Dataset entries:
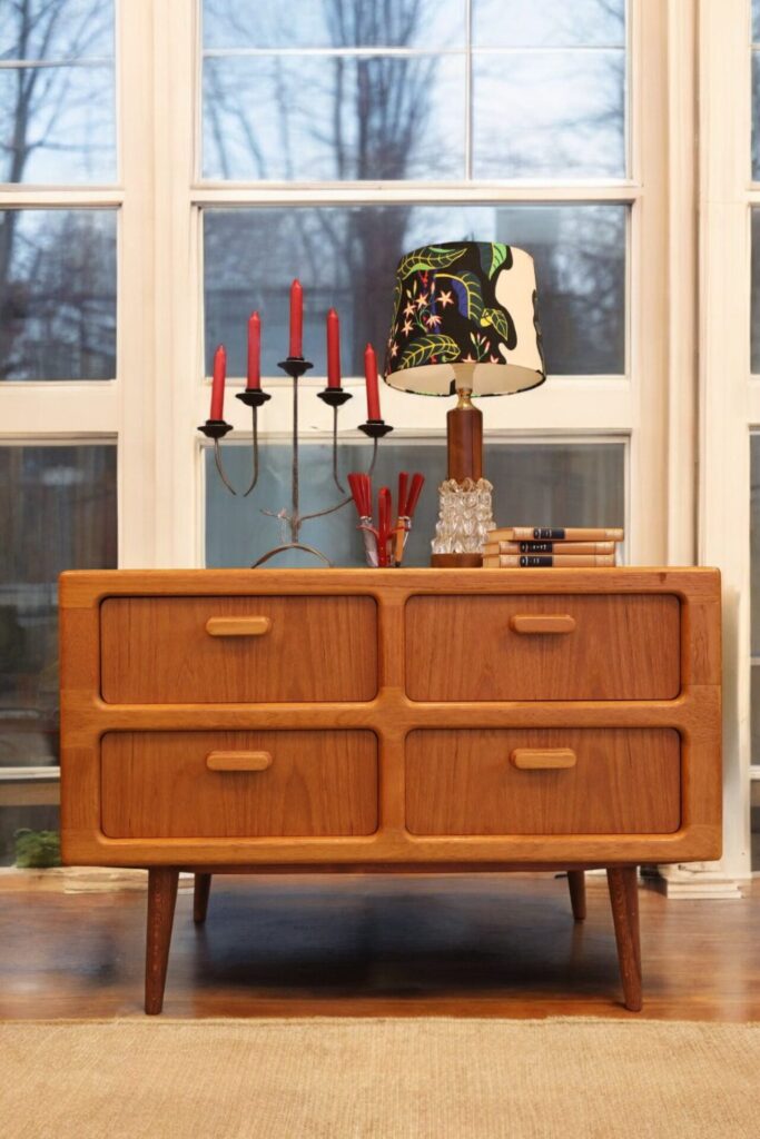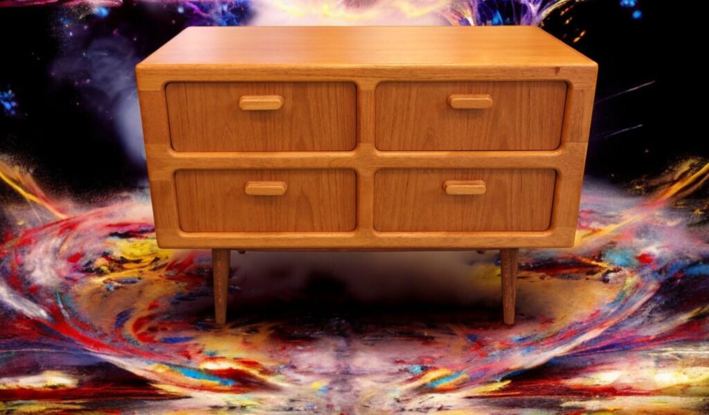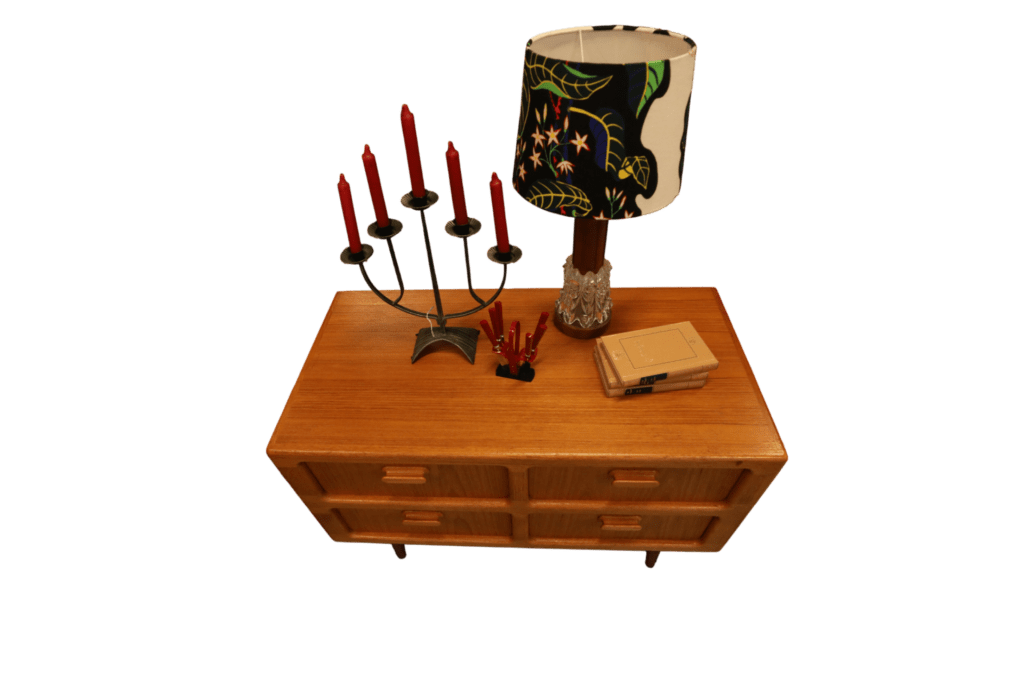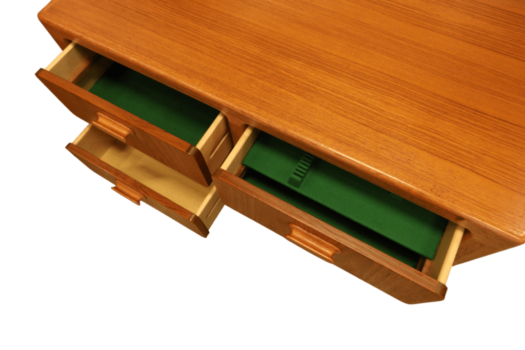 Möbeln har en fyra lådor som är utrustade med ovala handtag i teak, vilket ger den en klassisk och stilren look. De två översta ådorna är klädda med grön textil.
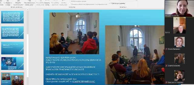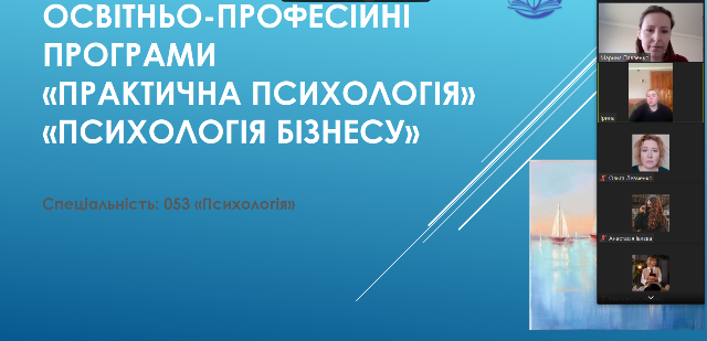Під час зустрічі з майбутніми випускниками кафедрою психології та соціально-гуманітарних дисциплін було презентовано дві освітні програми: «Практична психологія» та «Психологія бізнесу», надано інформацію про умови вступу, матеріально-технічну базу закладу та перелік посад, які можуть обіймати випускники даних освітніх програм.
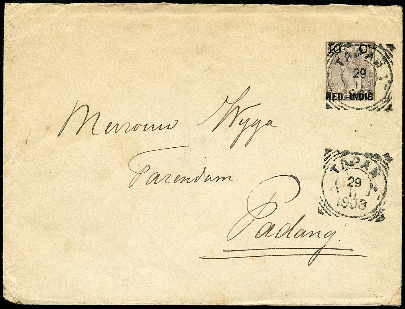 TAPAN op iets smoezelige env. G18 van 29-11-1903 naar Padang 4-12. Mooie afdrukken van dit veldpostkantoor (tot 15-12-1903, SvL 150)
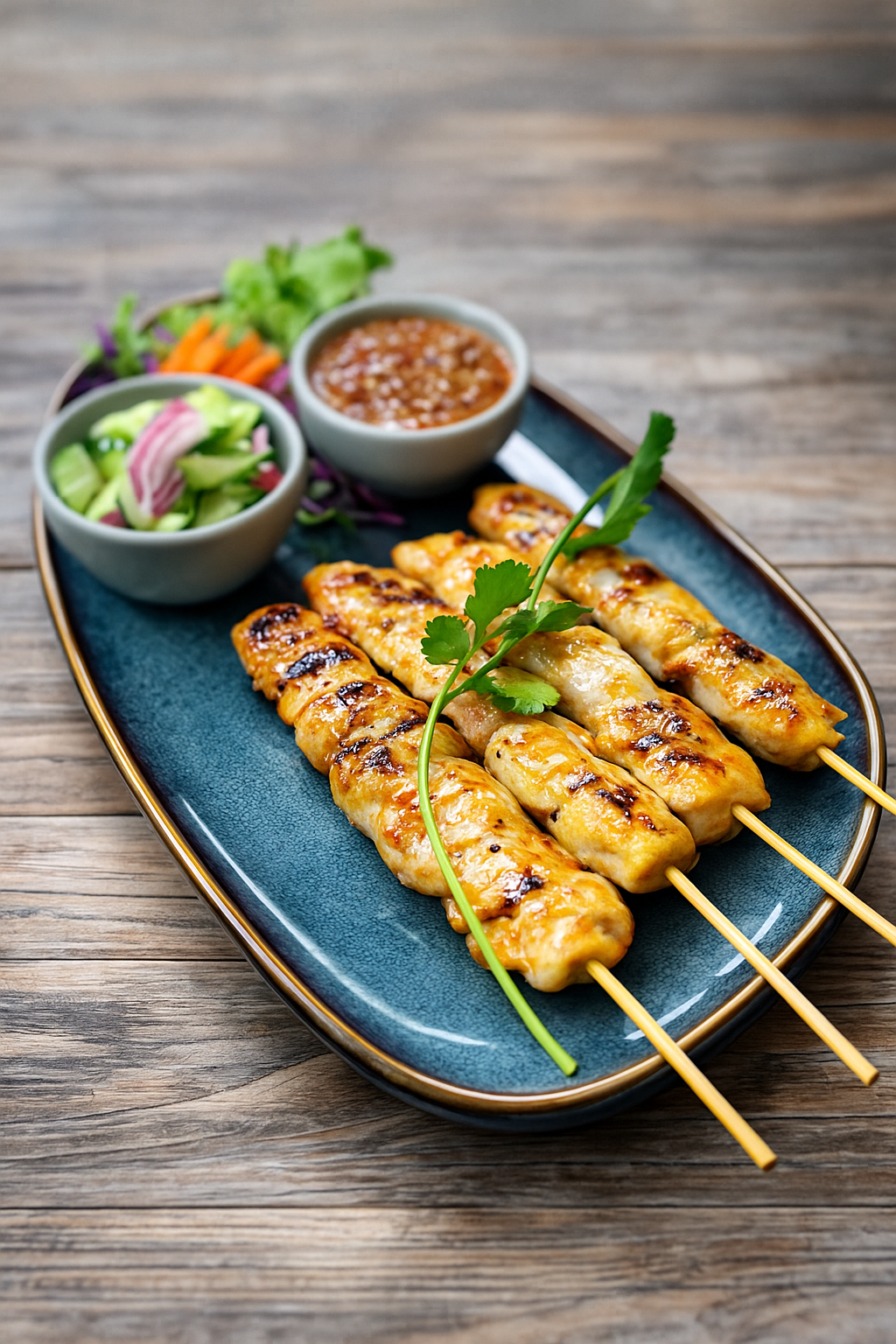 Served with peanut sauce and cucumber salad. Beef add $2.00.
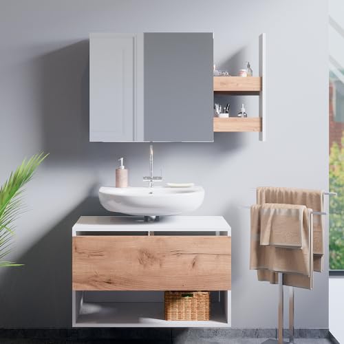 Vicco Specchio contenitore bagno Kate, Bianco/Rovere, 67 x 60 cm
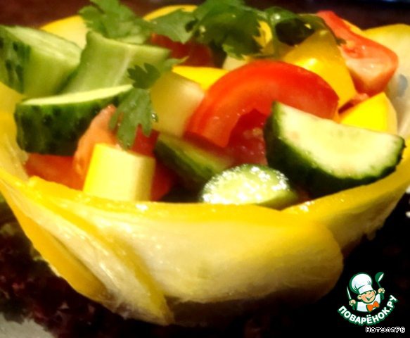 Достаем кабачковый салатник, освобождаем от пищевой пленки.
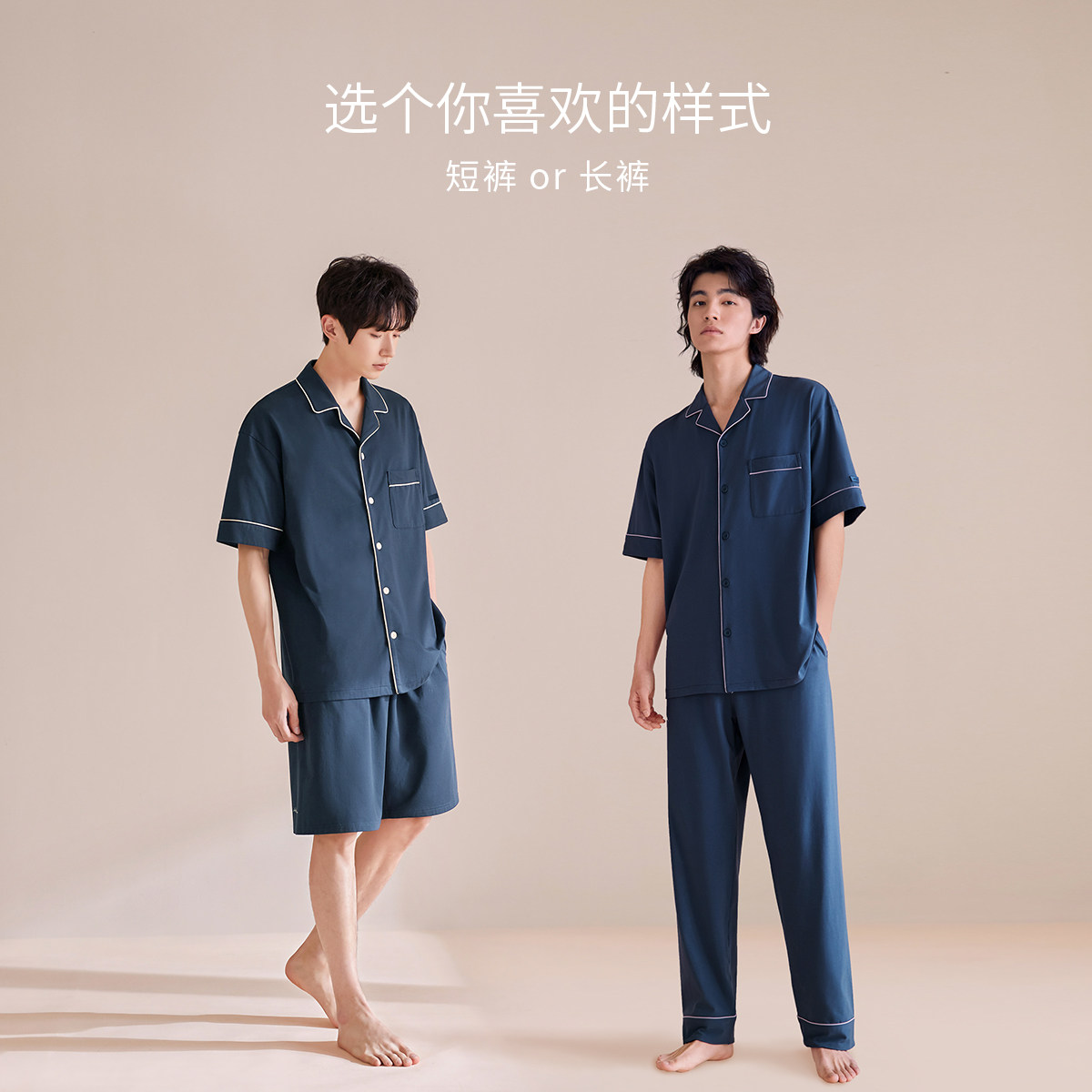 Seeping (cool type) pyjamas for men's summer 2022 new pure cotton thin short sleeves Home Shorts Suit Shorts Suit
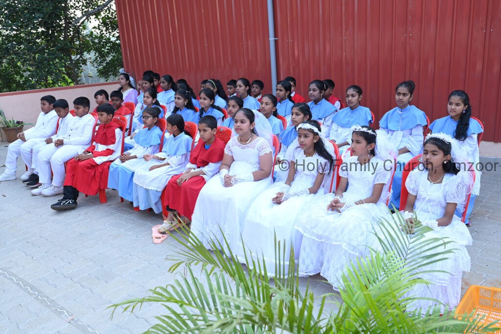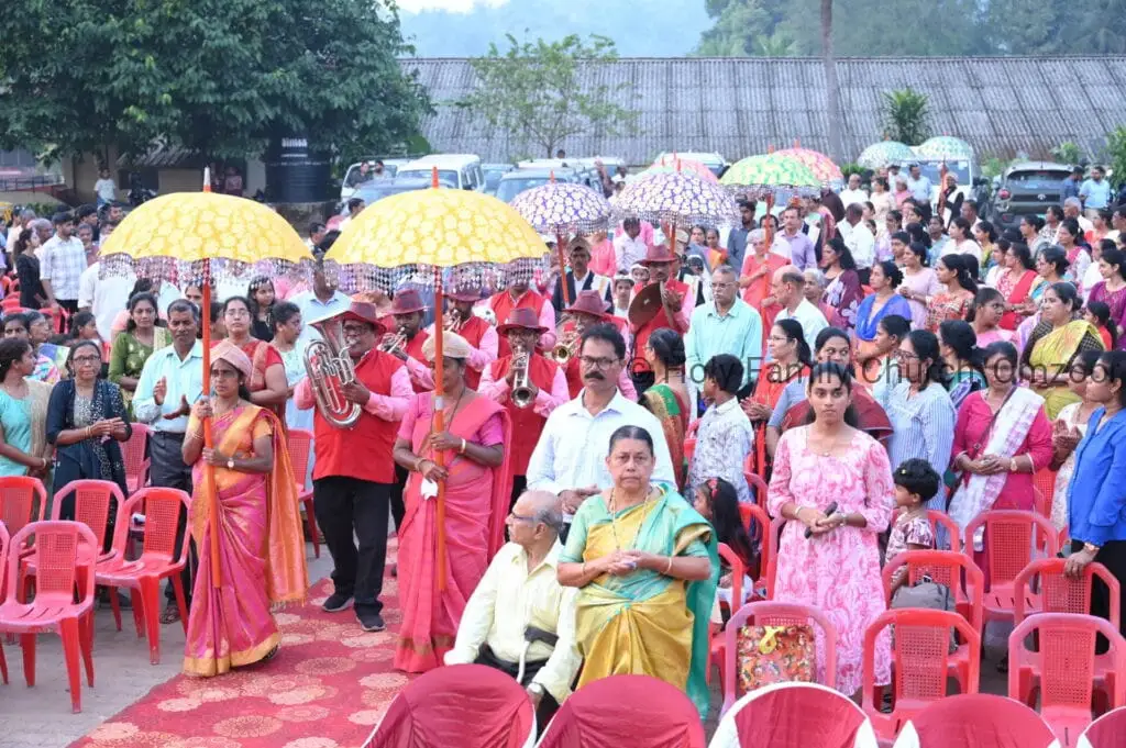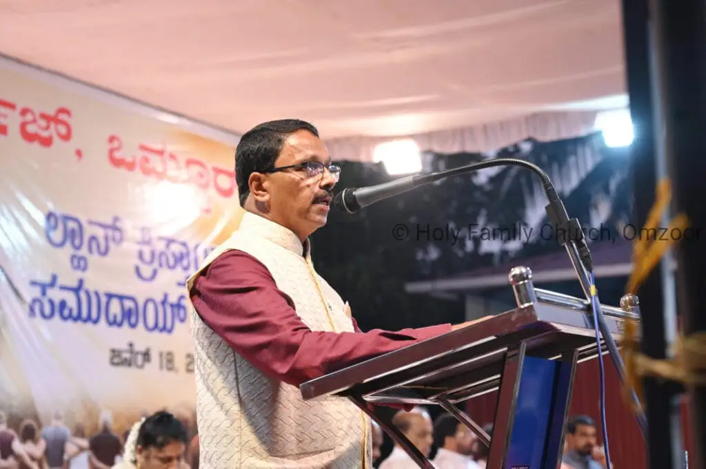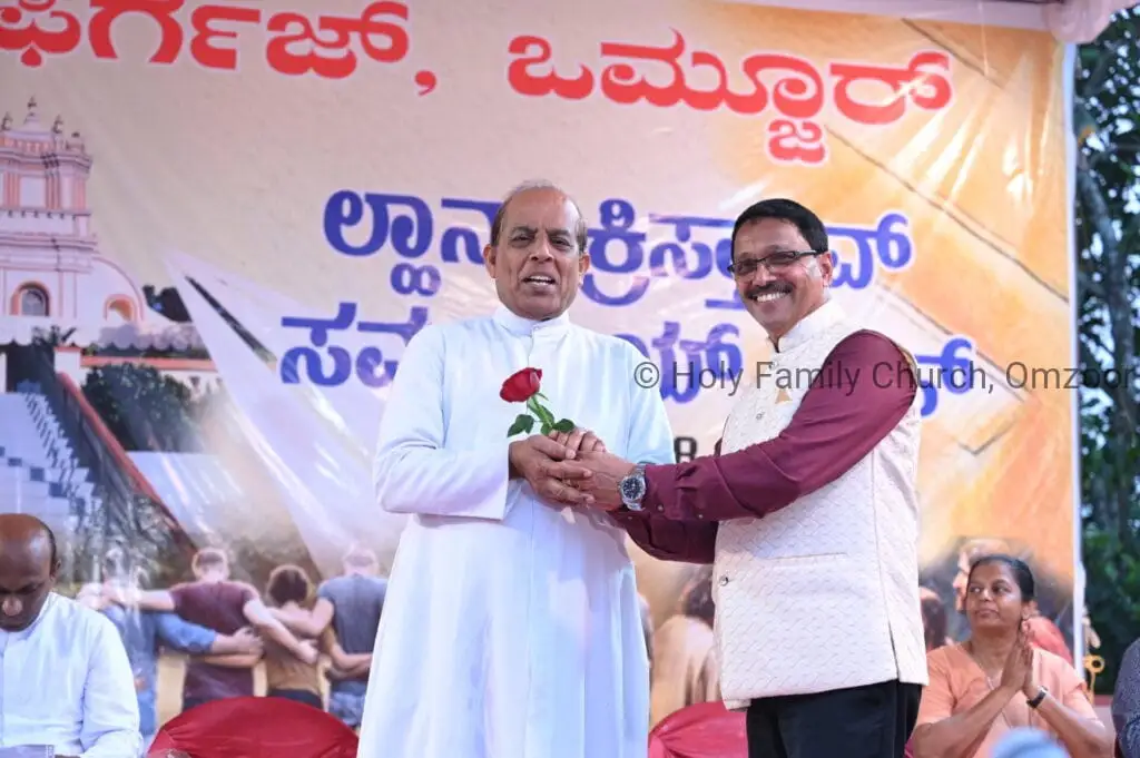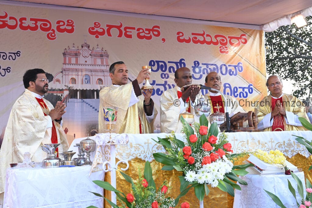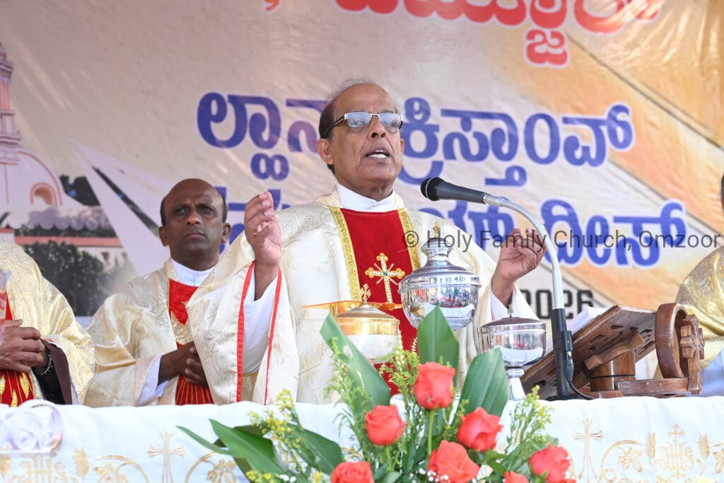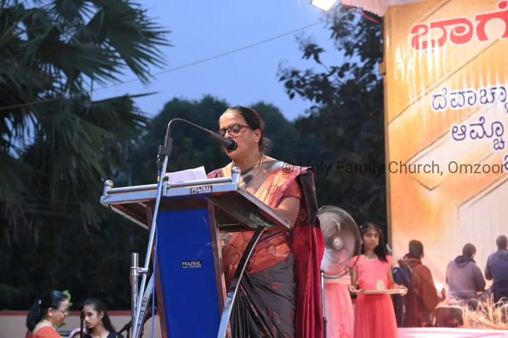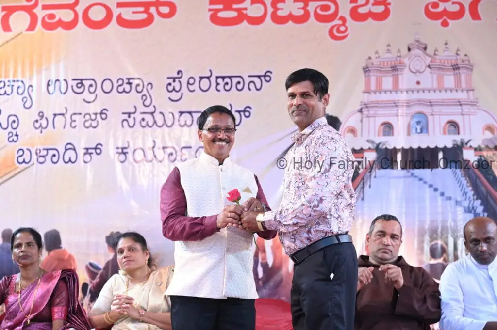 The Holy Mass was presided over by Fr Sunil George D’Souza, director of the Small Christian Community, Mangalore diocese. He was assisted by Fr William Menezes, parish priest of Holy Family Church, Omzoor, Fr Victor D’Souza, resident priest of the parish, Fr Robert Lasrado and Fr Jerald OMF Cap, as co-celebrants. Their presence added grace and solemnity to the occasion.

Assignment: Print the lines from the line with "TAPAN op iets" to the end of the data above. Include both ends, exclude the pictures, and add nothing else.

Answer section:
 TAPAN op iets smoezelige env. G18 van 29-11-1903 naar Padang 4-12. Mooie afdrukken van dit veldpostkantoor (tot 15-12-1903, SvL 150)
 Served with peanut sauce and cucumber salad. Beef add $2.00.
 Vicco Specchio contenitore bagno Kate, Bianco/Rovere, 67 x 60 cm
 Достаем кабачковый салатник, освобождаем от пищевой пленки.
 Seeping (cool type) pyjamas for men's summer 2022 new pure cotton thin short sleeves Home Shorts Suit Shorts Suit
 The Holy Mass was presided over by Fr Sunil George D’Souza, director of the Small Christian Community, Mangalore diocese. He was assisted by Fr William Menezes, parish priest of Holy Family Church, Omzoor, Fr Victor D’Souza, resident priest of the parish, Fr Robert Lasrado and Fr Jerald OMF Cap, as co-celebrants. Their presence added grace and solemnity to the occasion.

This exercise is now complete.